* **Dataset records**
************
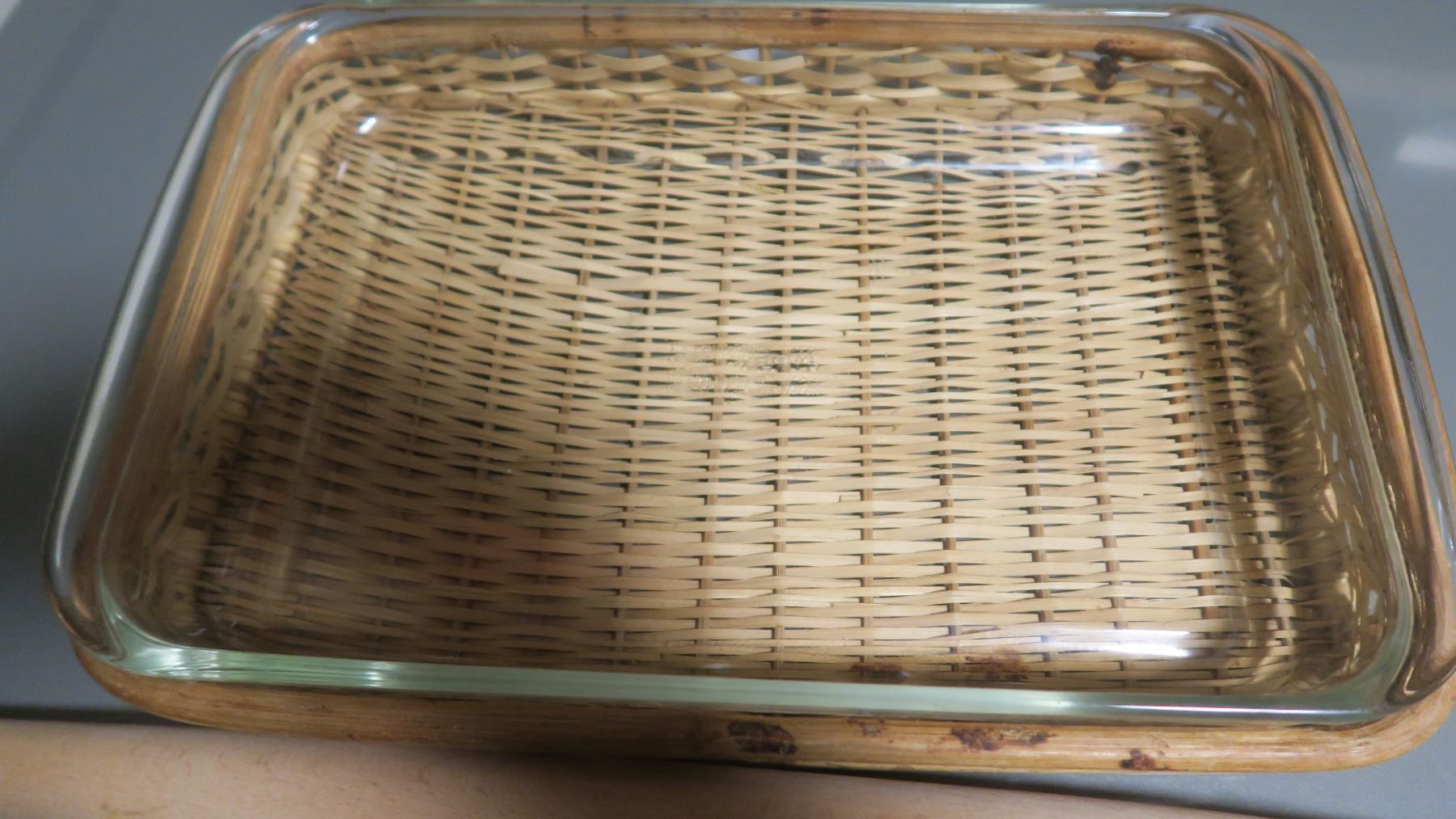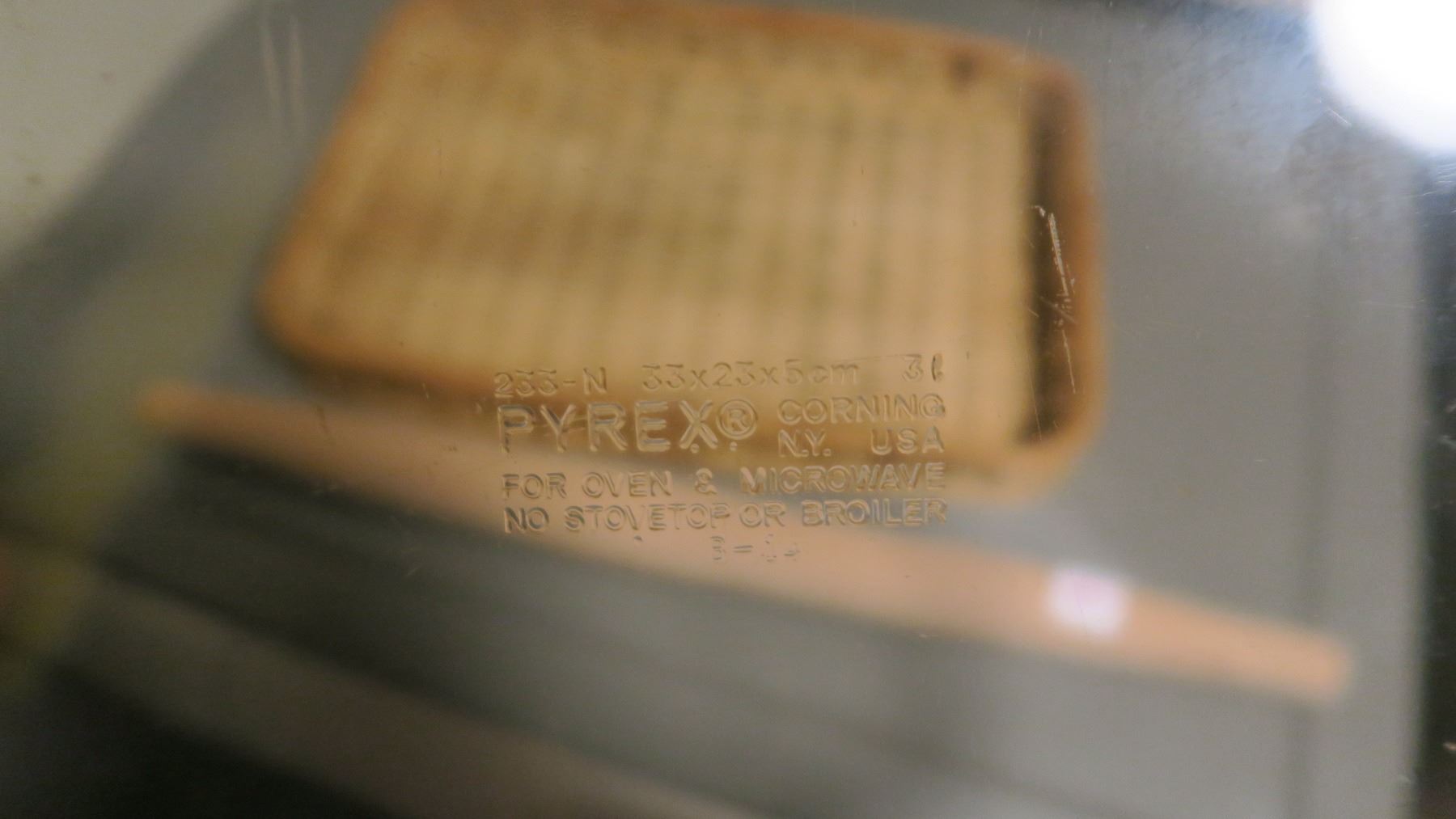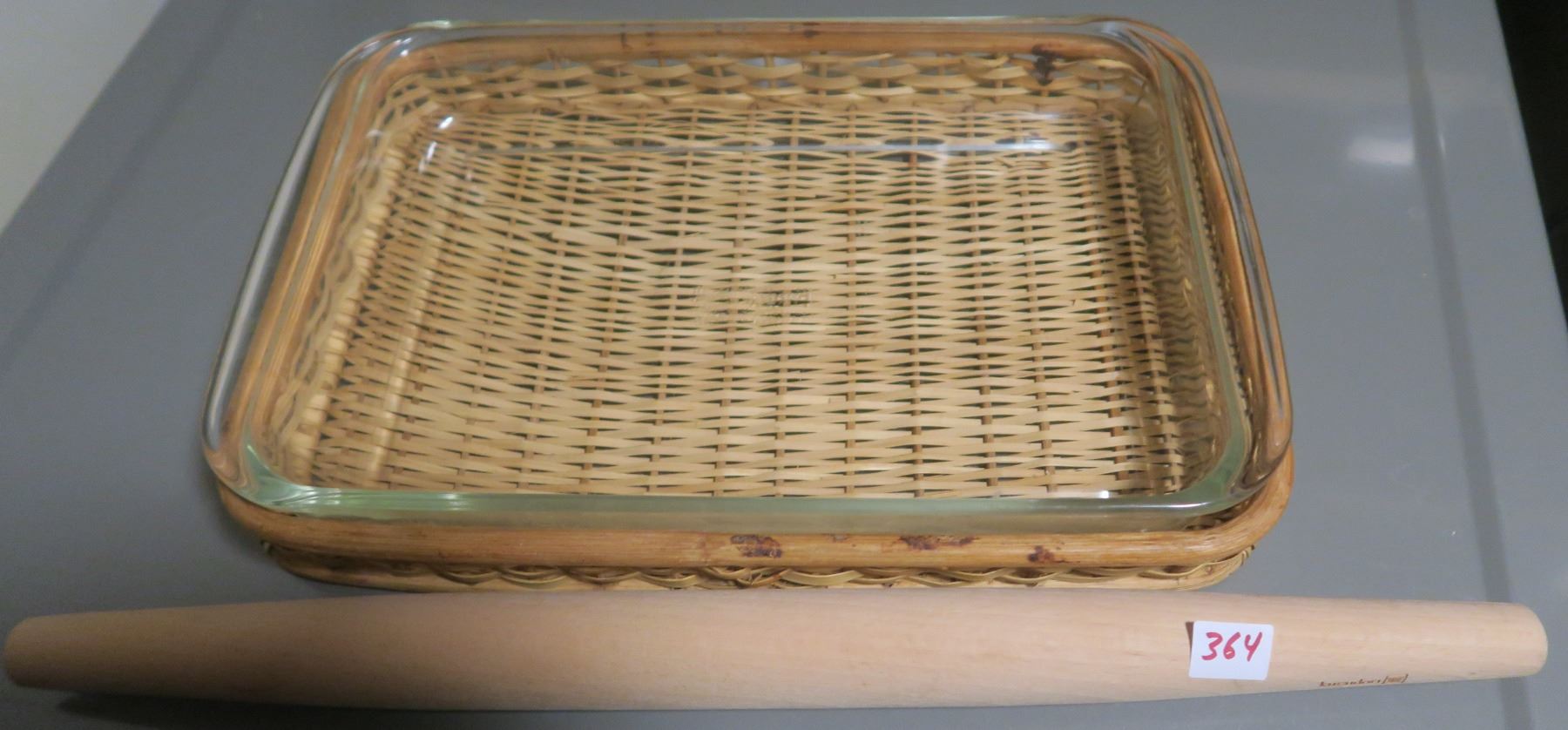 PYREX 9x13 pan + wooden cross-hatched holder + wooden rolling pin
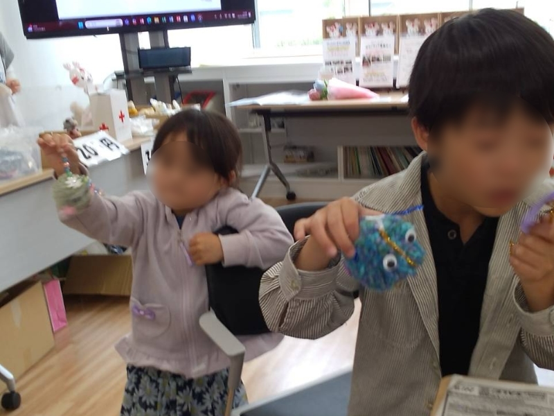 6月1日、日赤新潟県支部主催「地域ふれあい祭り」のボランティアルームで、ワンコインサロンから「毛糸で遊ぼう:体験コーナー」と「手づくりチャリティバザー」を出展し、大勢の子どもたちが参加してくれました。
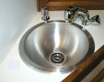 We tied up a lot of loose ends on projects around the boat. We installed the new vanity sink and faucet/shower fixture and soap dispenser in the aft head. This was one of those aggravating projects that you think is going to be simple (replace the old sink, replumb...) but ends up taking two days (old sink too warped to fit right; new one too big; new hose won't bend enough, etc.) But it's finally in! The white disk in the photo is a "blank" that covers up an old hole. There used to be one faucet each for hot and cold water, and we replaced them with a single-hole mixer.
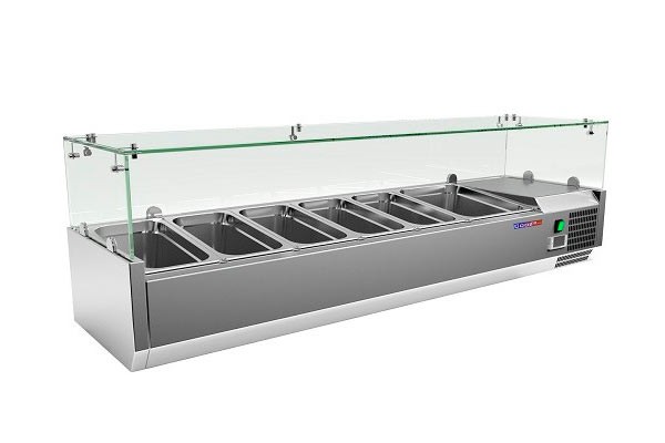 Настольная барная холодильная витрина Cooleq VRX 1500/380 прекрасно подходит для кратковременного хранения и демонстрации, предварительно охлажденных продуктов (салатов, закусок, гарниров) в магазинах, кафе, барах, ресторанах, суши-барах. Наиболее широко применяются в пиццериях для хранения топпинга (начинки для пиццы).
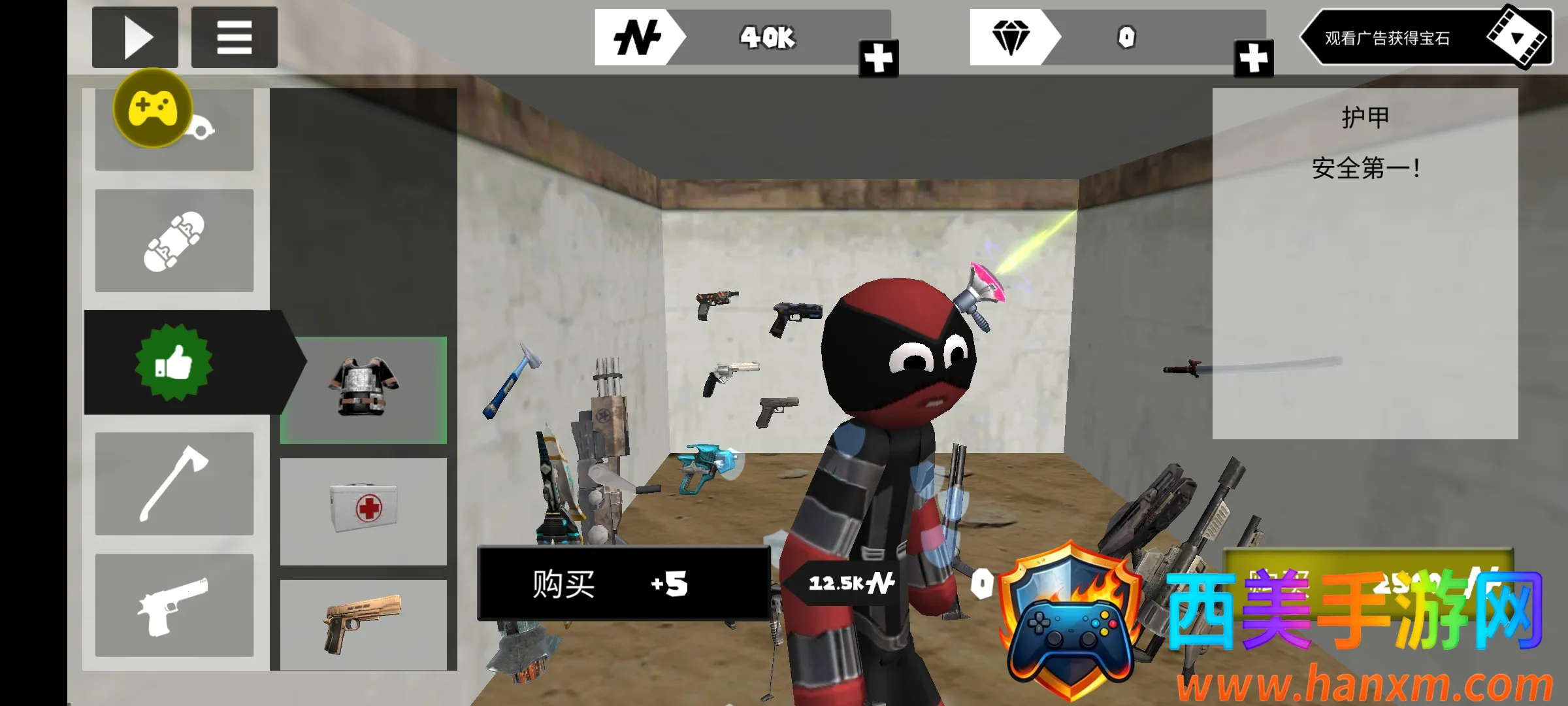 2、为火柴人英雄配备大量强力武器,战斗选择丰富多样。
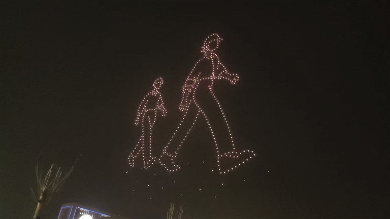 与此同时,一场科技感十足的无人机灯光秀在保利·石油花园小区上空上演。一架架无人机以夜空为幕、以灯光为笔,围绕能源脉络、西气东输、深地先锋等核心主题变换队列,用灵动光影勾勒出能源担当与时代风采,与河畔烟花遥相辉映,传统年味与现代科技完美交融,点亮了整座城市的夜空。
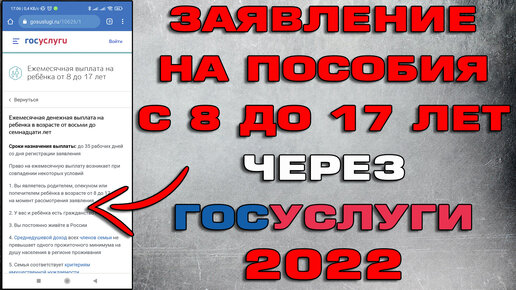 Как подать заявление на пособие с 8 до 17 лет 2022 через Госуслуги
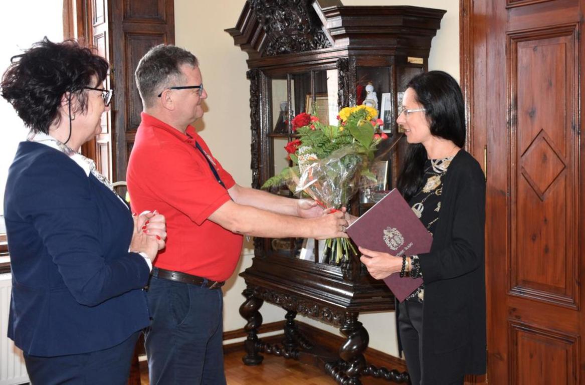 W poniedziałek 31 sierpnia 2020 r. Pani Burmistrz Mariola Szczęsna podziękowała dyrektor Elżbiecie Zienowicz za dotychczasową pracę, a zarazem pogratulowała powierzenia obowiązków nowej szefowej Lwóweckiej Biblioteki Publicznej Pani Aleksandrze Szymanowicz-Bogdan.
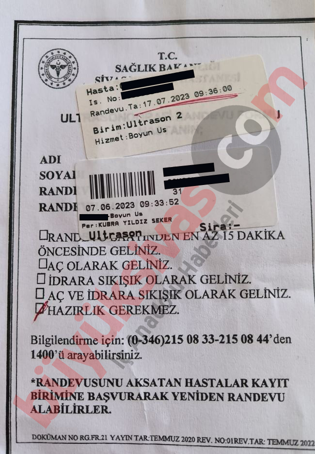 Tedavi için Sivas'ta hastanelere giden ve ultrason istenen bir hastaya, en erken 45 gün sonraya gün veriliyor.
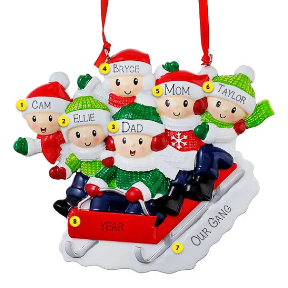 Make This Winter One To Remember With The Personalized Sledding Family Of 6 Ornament. Crafted With 6 Figures Atop A Sled, This Memento Is Perfect For The Family That Loves Wintertime Fun. This Special Trinket Will Add A Special Touch To Holiday Festivities.
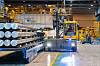 FORSIKTIG: Aluminiumssylindre blir satt nennsomt ned på spesielle kassetter for å unngå skader.
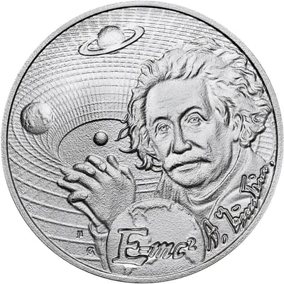 Auf der Vorderseite dieser Silbermünze ist der deutsche Physiker Albert Einstein abgebildet. Dieser ist von mehreren Planeten umgeben. Unter ihm steht die physikalische Gleichung E = mc².
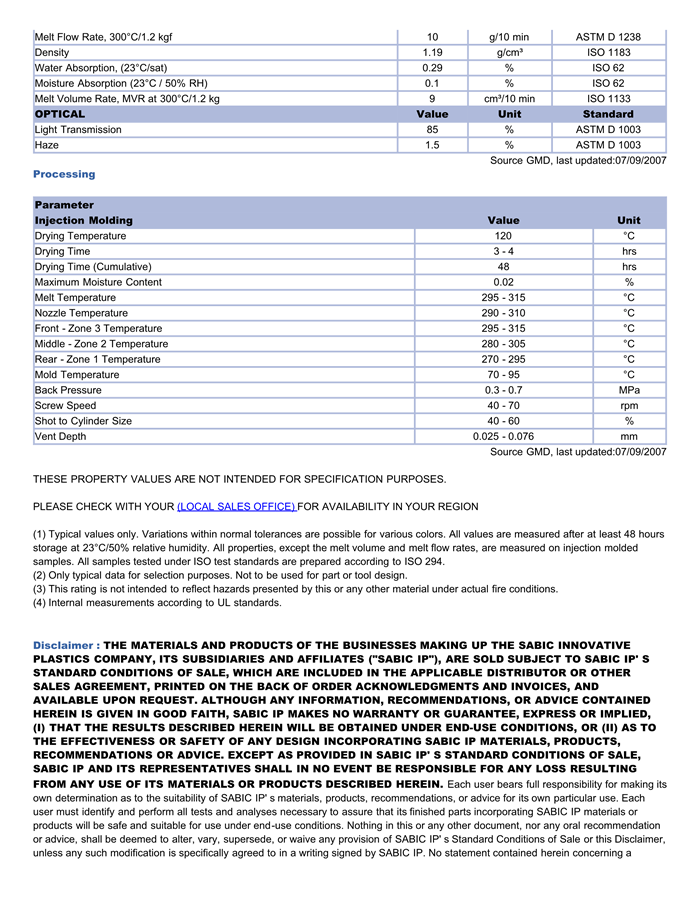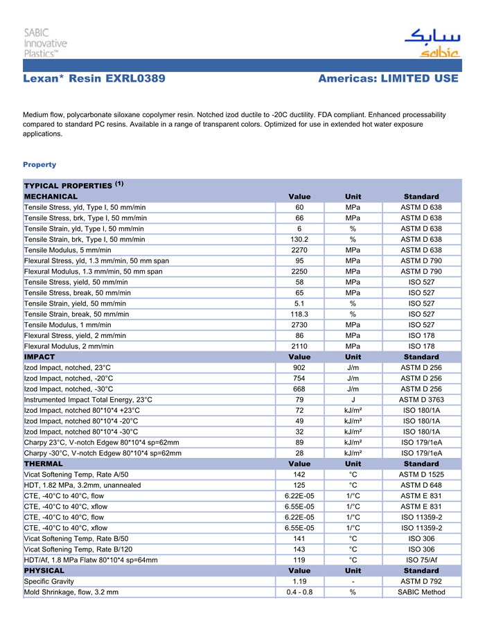应用范围:产品描述LEXAN PC EXRL0389物性表Medium flow, polycarbonate siloxane copolymer resin. Notched izod ductile to -20C ductility. FDA compliant. Enhanced processability compared to standard PC resins. Available in
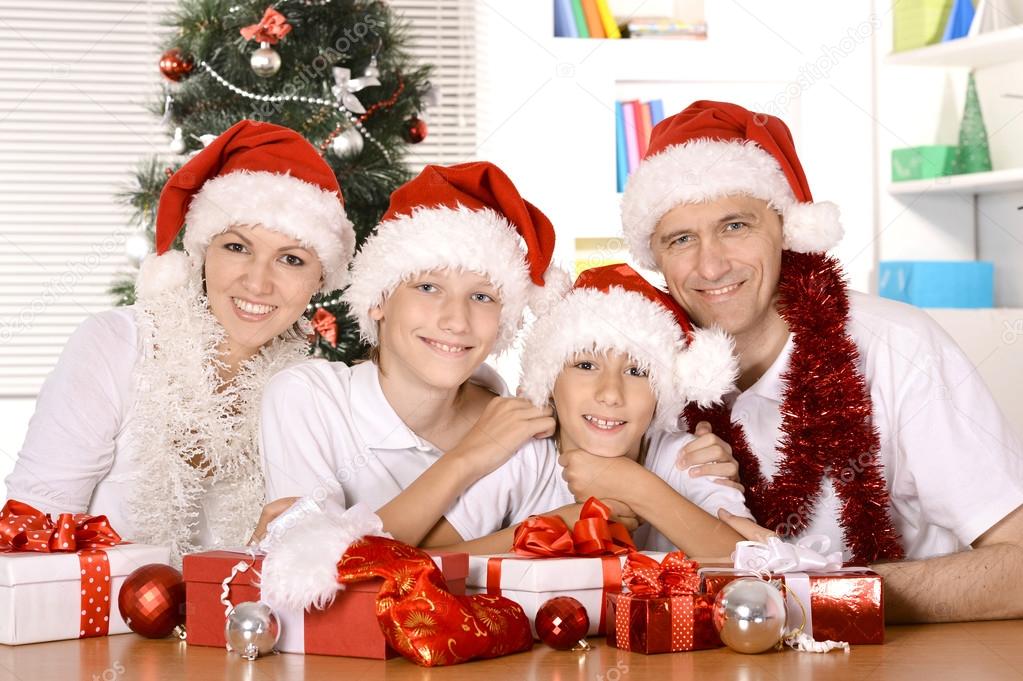 Счастливая семья празднует Новый год и Рождество — Стоковые фото, картинки в хорошем качестве Скачайте это изображение,
************
* **EXERCISE BRIEF**
Write down exactly what the lines above say, from the line holding "与此同时,一场科技感十足的无" through the line holding "W poniedziałek 31", and nothing more. Do not copy the pictures.

* **EXERCISE RESPONSE**
 与此同时,一场科技感十足的无人机灯光秀在保利·石油花园小区上空上演。一架架无人机以夜空为幕、以灯光为笔,围绕能源脉络、西气东输、深地先锋等核心主题变换队列,用灵动光影勾勒出能源担当与时代风采,与河畔烟花遥相辉映,传统年味与现代科技完美交融,点亮了整座城市的夜空。
 Как подать заявление на пособие с 8 до 17 лет 2022 через Госуслуги
 W poniedziałek 31 sierpnia 2020 r. Pani Burmistrz Mariola Szczęsna podziękowała dyrektor Elżbiecie Zienowicz za dotychczasową pracę, a zarazem pogratulowała powierzenia obowiązków nowej szefowej Lwóweckiej Biblioteki Publicznej Pani Aleksandrze Szymanowicz-Bogdan.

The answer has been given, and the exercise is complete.